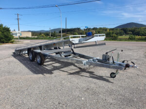 Sus 2 rieles antideslizantes de 48 cm, junto con el basculemento manual mediante 2 pistones de gas, facilitan la carga y descarga de coches. El plateau útil mide 3,60 x 1,80 m, con altura al suelo de 0,45 m, y la remolque incluye luces de 6 funciones, rueda jockey telescópica y toma eléctrica de 13 polos.
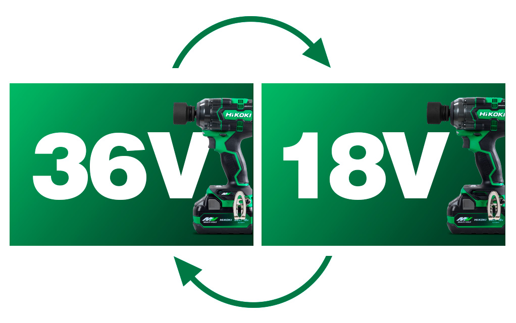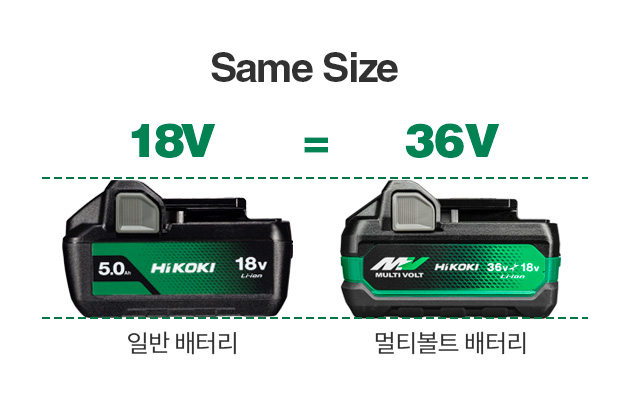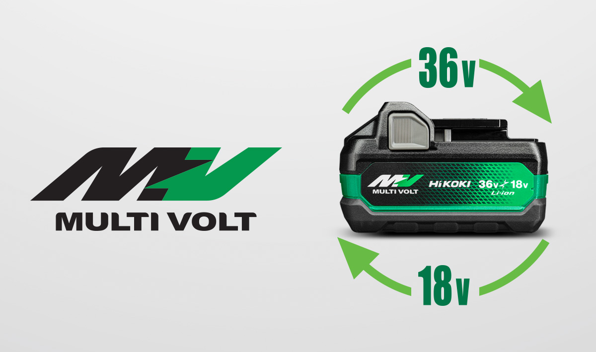 하이코키 전동공구의 **Multi Volt(멀티볼트)**는 배터리 하나로 36V의 강력한 성능과 18V의 호환성을 동시에 제공하는 하이브리드 전동공구 배터리 시스템입니다.
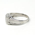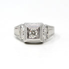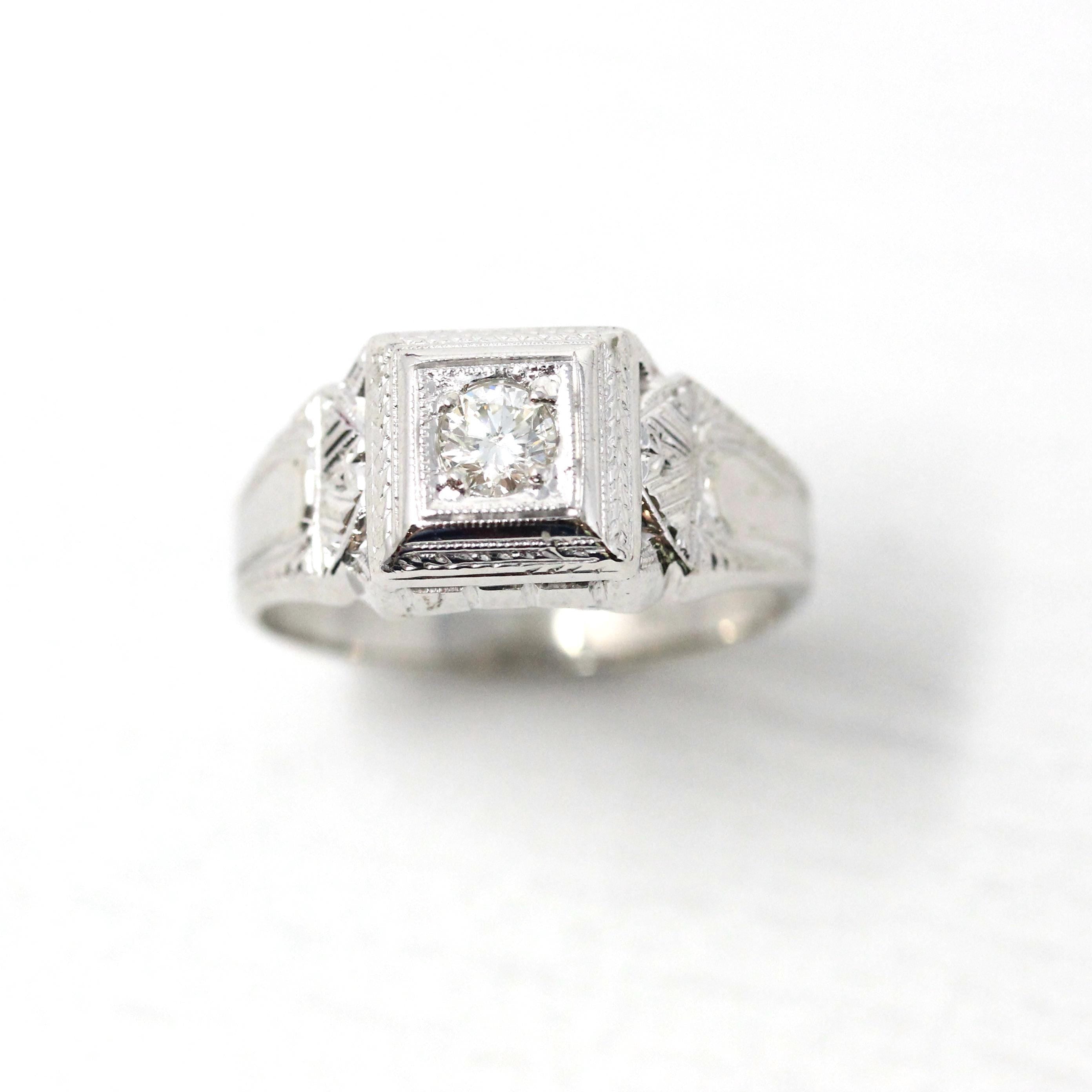 Genuine Diamond Ring - Art Deco 14k White Gold .25 CT Round Brilliant Cut - Vintage Circa 1930s Size 9 1/2 Unisex Engagement Fine Jewelry
--
■ **Exercise brief**
Restate word for word, and only, the lines from the line that contains "하이코키 전동공구의 **Multi" through the end of the data, both included; pictures are not part of the copy.

■ **Exercise response**
 하이코키 전동공구의 **Multi Volt(멀티볼트)**는 배터리 하나로 36V의 강력한 성능과 18V의 호환성을 동시에 제공하는 하이브리드 전동공구 배터리 시스템입니다.
 Genuine Diamond Ring - Art Deco 14k White Gold .25 CT Round Brilliant Cut - Vintage Circa 1930s Size 9 1/2 Unisex Engagement Fine Jewelry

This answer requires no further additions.